We. as sailors, had a reputation to maintain and it was as if the locals expected us to perform. We drank heavily and handled high explosives while in that state. My best friend was Bart Hart a wiry self-proclaimed cowboy from Wyoming. Bart and I remained friends until the day he died a few years ago and I miss him much. We terrorized the local farm country, got into brawls as sailors are required by law to do and wooed the local country girls. Or should I say that they wooed us. Most of the local gals didn't much care for the rural life and they knew that sooner or later the sailors would be moving on. Either by transfer or discharge. Not one of my mates said I like it here, I think I'll stay. Because of this, the local girls wanted to meet and marry a sailor and a lot of them did marry their ticket out. In March of 1962. I reenlisted into the regular Navy for six years for a number of reasons; a large reenlistment bonus, orders out of rural Indiana and a billet at MT B School in Vallejo California. MT B School was, at the time, the most comprehensive school in the navy. Forty hours a week of what amounted to four years of a college level Electrical Engineering program. Very intense but it was fashioned so that after you graduated from B School you could walk aboard any ship or submarine in the navy and take over the missile division.
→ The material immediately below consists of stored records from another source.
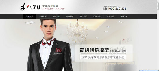 西服訂制針對的是高端人群,因此,網(wǎng)站必須高端大氣上檔次,而且還要有內(nèi)涵,方能體現(xiàn)出巴博服裝的品味;
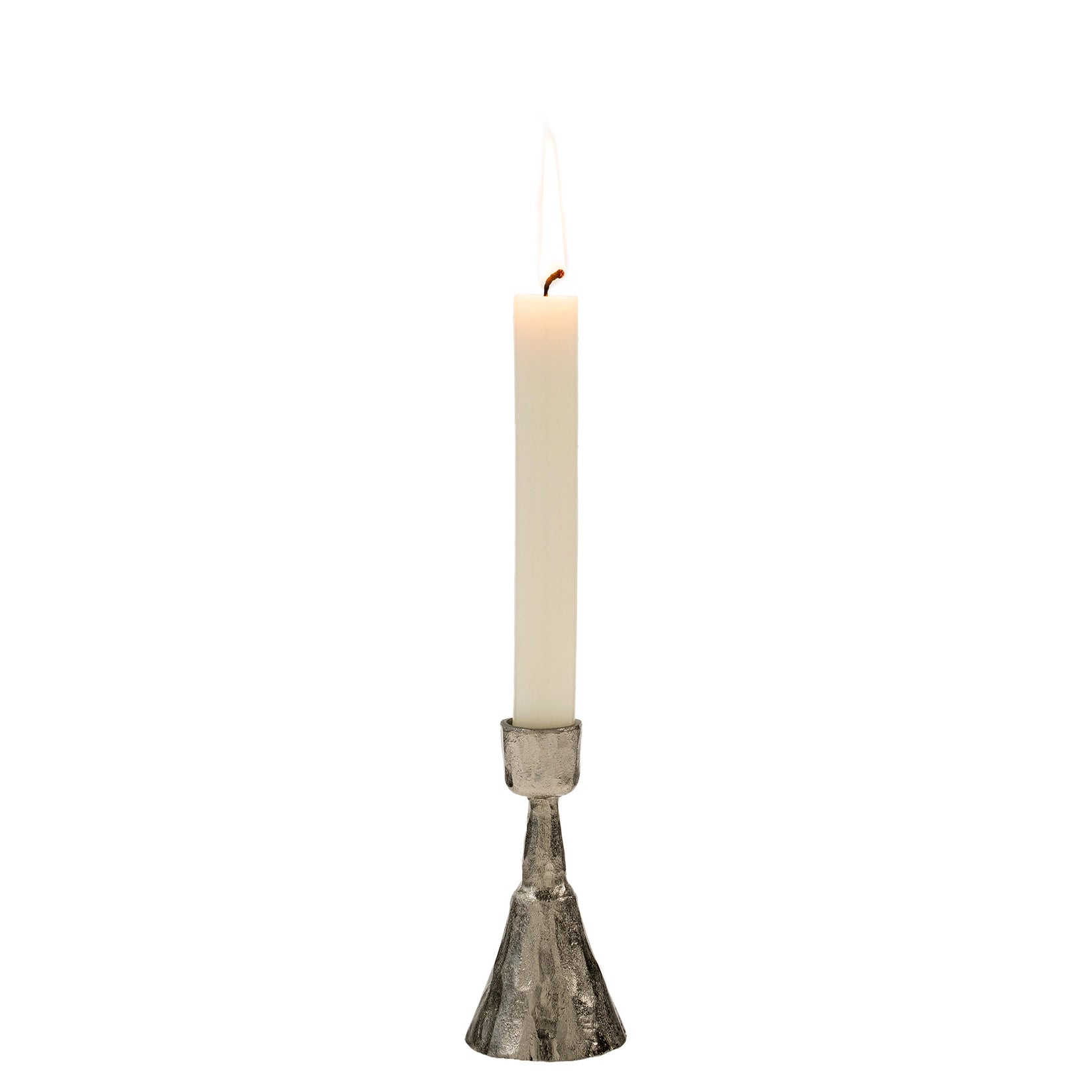 Designed to bring light and luxury, the Zora Forged Candlesticks have an antique silver finish and are faceted, not smooth, simple, and understated. They bring a sense of occasion and celebration to everyday evenings and complete tablescapes and mantels alike.
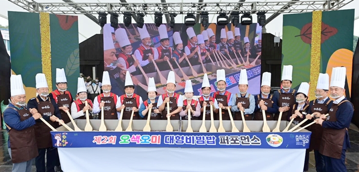 10¿ù 16ÀÏ °³¸·½Ä¿¡ ¾Õ¼ ºÀÈÀÇ ³ó»ê¹°ÀÌ ÃÑÃ⵿ÇÏ´Â ‘¿À»ö¿À¹Ì ´ëÇü ºñºö¹ä ÆÛÆ÷¸Õ½º’°¡ ¿¸°´Ù. 500ÀκÐÀÇ ºñºö¹äÀÌ ÇöÀå¿¡¼ ¹«·á ½Ã½ÄÀ¸·Î Á¦°øµÅ ÃàÁ¦ÀÇ ¹®À» Ȱ¦ ¿¬´Ù. °°Àº ³¯ ¿ÀÈÄ¿¡´Â Ç»Àü ±¹¾Ç°ú ÀüÅë ¹Î¿ä°¡ ¾î¿ì·¯Áø ‘dz·ùÇѸ¶´ç’ÀÌ ¼ºÀ̼º¹®ÈÁ¦ÀÇ ½ÃÀÛÀ» ¾Ë¸®¸ç Èï°Ü¿î ¹«´ë¸¦ ¼±º¸ÀδÙ.
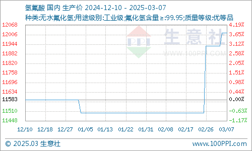 本周国内氢氟酸价格小幅上涨,国内氢氟酸各地区商谈主流价格为11300-11800元/吨。下游氢氟酸部分装置仍处于停车中,氢氟酸现货供应变化不大,厂家氢氟酸按需采购为主,氢氟酸整体开工维持5成多,氟化氢企业维持刚需订单,以消耗库存为主,氢氟酸市场价格走势上涨,受此消息影响萤石价格行情走高。
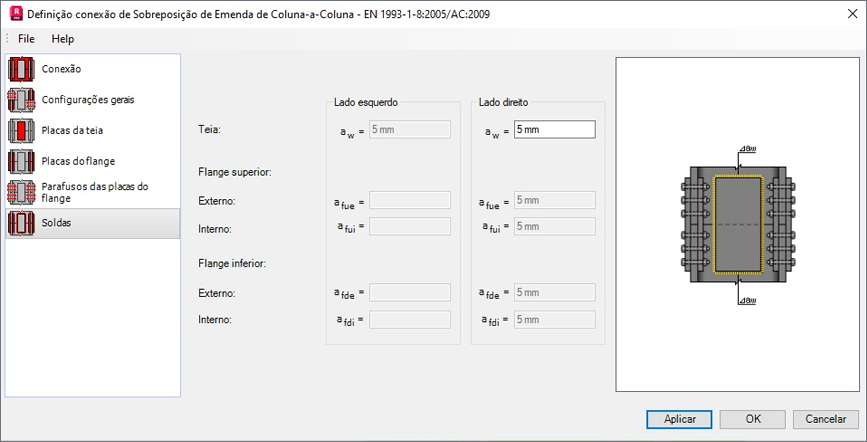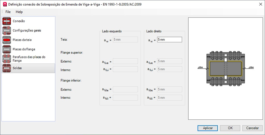 Utilize o painel Soldas para definir a espessura de soldas que conectam as placas com as barras.

We learned all about the Talos, Terrier, Tartar and Polaris missiles. The idea of my going through MT B School was so I could get accepted into NESEP, Navy Enlisted Scientific Educational Program. In NESEP you reenlisted for six years and would study Electrical Engineering at a school such as UCLA, Northwestern, MIT etc. After two years of successful studies, you would extend for another two years. This meant that if Uncle Sam gave you four years of collage, fully paid, you would give Uncle Sam back four years of your life. It was a very fair exchange in my humble opinion. As it is said, the best laid plans of mice and men... For political reasons, a feud between the FBI and the US Navy over my secret clearance, I was denied NESEP. I didn't cry about it. To this day very few people know about this, so I just carried on as a proud and loyal sailor. I had received an excellent technical education that has served me well to this day and I got to be a real sailor. A real blessing.  
I finally got orders to a real ship as a PO2 with a hash mark on my sleeve without ever actually  being on a ship. She was the aircraft carrier USS Constellation CVA-64. She was the second newest CVA in the navy, Enterprise CVA-65 was the newest. Apart from the nuclear power plant and the square island on the Big E, they were the same ship.